Referring to FIGS. 3B and 3C, in order to resolve the above disadvantages, a magnetic erasing means 37 is disposed at two ends of the elongated magnet 34 to reduce the magnetic field intensity at the two ends so that the magnetic field intensity of the entire elongated magnet 34 is distributed uniformly. Therefore the target 36 is prevented from eroding excessively on some portions and resulting in longer life time. In addition, the film is deposited on the substrate surface with an uniform thickness and resistance. The film quality is also improved. The magnetic erasing means 37 used in the invention is composed of magnetic material such as iron, cobalt, or nickel. The surface of the magnetic erasing means, preferably, is plated with chrome (Cr) for preventing rusting.
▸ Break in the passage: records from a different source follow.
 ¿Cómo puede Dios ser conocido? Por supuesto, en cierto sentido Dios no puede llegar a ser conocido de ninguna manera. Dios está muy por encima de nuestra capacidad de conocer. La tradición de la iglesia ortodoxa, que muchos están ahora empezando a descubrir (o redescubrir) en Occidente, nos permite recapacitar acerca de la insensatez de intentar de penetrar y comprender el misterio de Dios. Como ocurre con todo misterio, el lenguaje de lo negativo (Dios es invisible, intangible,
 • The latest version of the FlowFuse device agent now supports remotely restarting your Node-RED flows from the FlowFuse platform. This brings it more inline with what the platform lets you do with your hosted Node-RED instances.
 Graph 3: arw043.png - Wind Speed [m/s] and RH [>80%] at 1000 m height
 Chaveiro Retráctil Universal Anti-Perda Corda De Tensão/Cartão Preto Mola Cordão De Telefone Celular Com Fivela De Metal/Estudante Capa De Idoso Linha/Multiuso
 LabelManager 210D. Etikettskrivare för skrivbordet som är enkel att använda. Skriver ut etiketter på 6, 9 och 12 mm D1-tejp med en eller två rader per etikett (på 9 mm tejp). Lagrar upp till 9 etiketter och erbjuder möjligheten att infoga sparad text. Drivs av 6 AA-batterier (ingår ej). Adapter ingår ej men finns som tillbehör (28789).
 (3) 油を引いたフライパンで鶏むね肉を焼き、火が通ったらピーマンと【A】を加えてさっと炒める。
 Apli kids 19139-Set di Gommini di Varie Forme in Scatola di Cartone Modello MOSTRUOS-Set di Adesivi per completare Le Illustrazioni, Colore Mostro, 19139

The magnetic erasing means can be formed in a double-hook (as shown in FIG. 3B) or a dog bone (as shown in FIG. 3C) shape, and is tapered from two ends of the elongated magnet 34 towards the center to match the magnetic field intensity.

FIG. 4 is a schematic diagram showing the resistance analysis of the deposited film on the surface of the substrate 33 by the invention. Comparing with FIG. 2A, under the same average resistance, the variations of resistance of the substrate 35 are smaller than that of the conventional techniques. It indicates that the resistance and the film thickness of the substrate 35 are distributed more uniformly, and a sputtering quality is improved.
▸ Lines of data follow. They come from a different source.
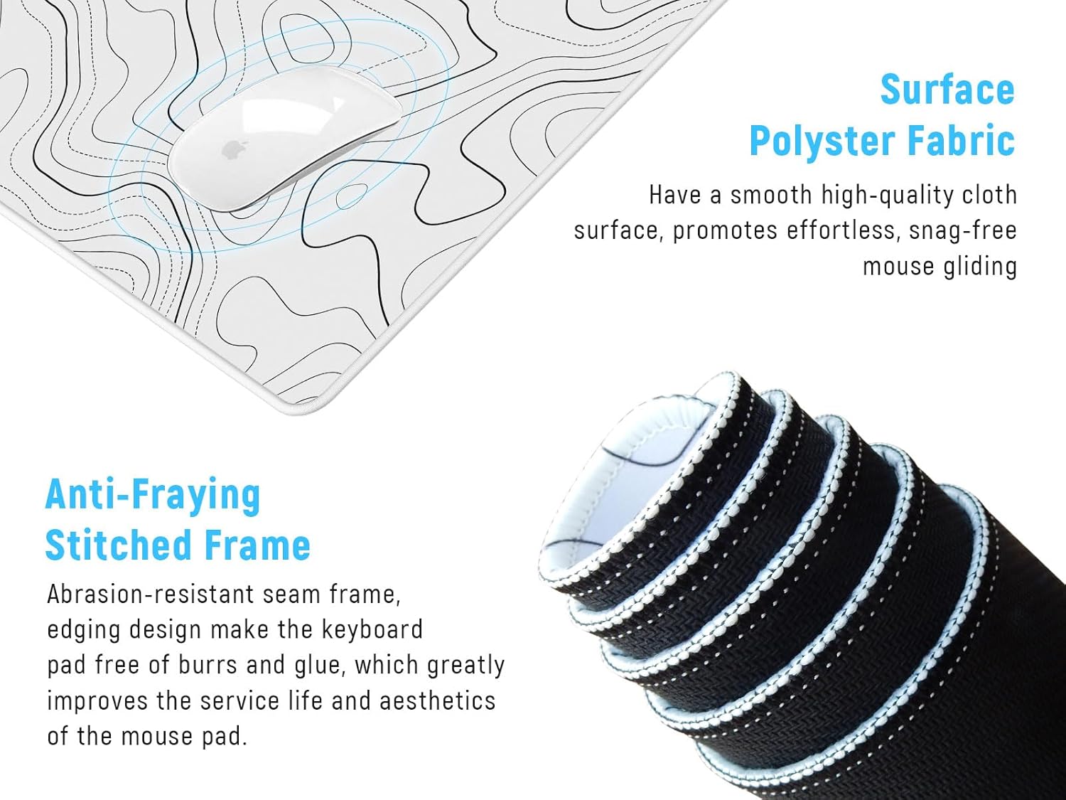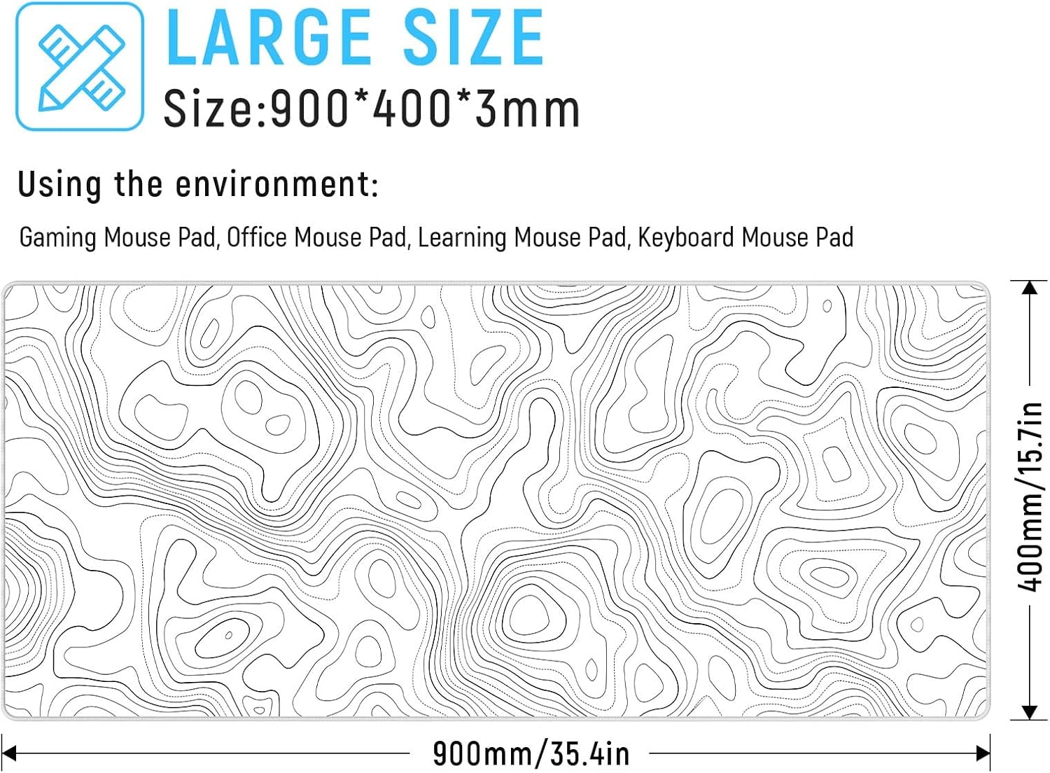 Jialong Gaming Mouse Mat настолна подложка, зашити ръбове, неплъзгаща се подложка за мишка със специална повърхност, подобряваща скоростта и прецизността, бяла, топографска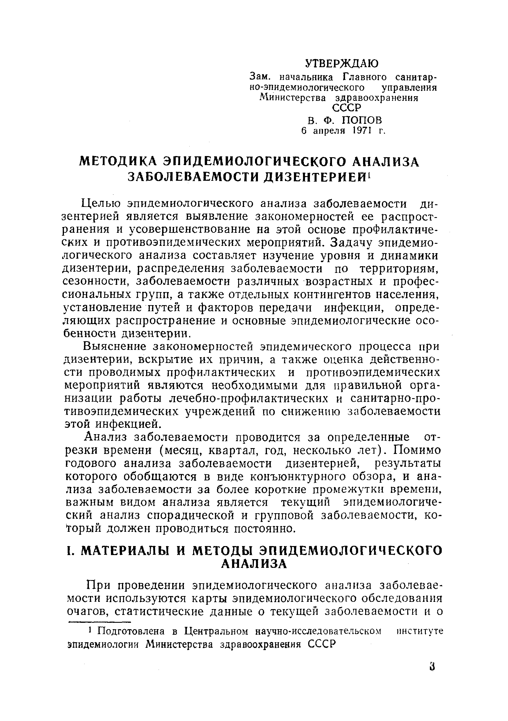 | Утверждён: | 06.04.1971 Зам. Начальника Главного санитарно-эпидемиологического управления Министерства здравоохранения СССР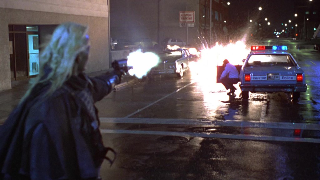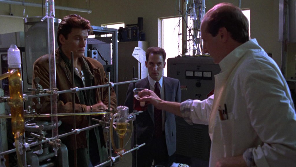 With a theory linking back to the initial theft of the drugs, the FBI assigns Caine a new partner in Smith (Benben) and tasks them with finding out who – or in this case, what – is entering the picture. Baxley splits the film into two major subplots, one involving the cops’ investigations of the dealers and the stealers, which sometimes includes their personal matters like Diane’s (Brantley) connection to the case and to Caine, and the other to Talec, who’s dealing with another flatfoot in the form of Azeck (Bilas). These threads run parallel for some time, possibly too long, but are woven into each other well by the third act, which reveals the use Talec has for the drugs and ensues with a bust.

FIG. 5 is a chart showing the relationship between the residual thickness and utilization life time of the sputtering target of the invention and the conventional technique. As the invention provides more uniform distribution of magnetic field intensity for the elongated magnet 34, the sputtering target 38 is eroded and consumed more uniformly than that of the conventional techniques. Thus utilization rate of the sputtering target 38 is increased. As shown in the drawing, with the same residual thickness of the target 36, utilization life time of the sputtering target 38 is significantly greater than the conventional one. As a result, consumption of the sputtering target 38 and the cost of sputtering are reduced according to this invention.

While the preferred embodiment of the invention has been set forth for the purpose of disclosure, modifications of the disclosed embodiment of the invention as well as other embodiments thereof may occur to those skilled in the art. Accordingly, the appended claims are intended to cover all embodiments which do not depart from the spirit and scope of the invention.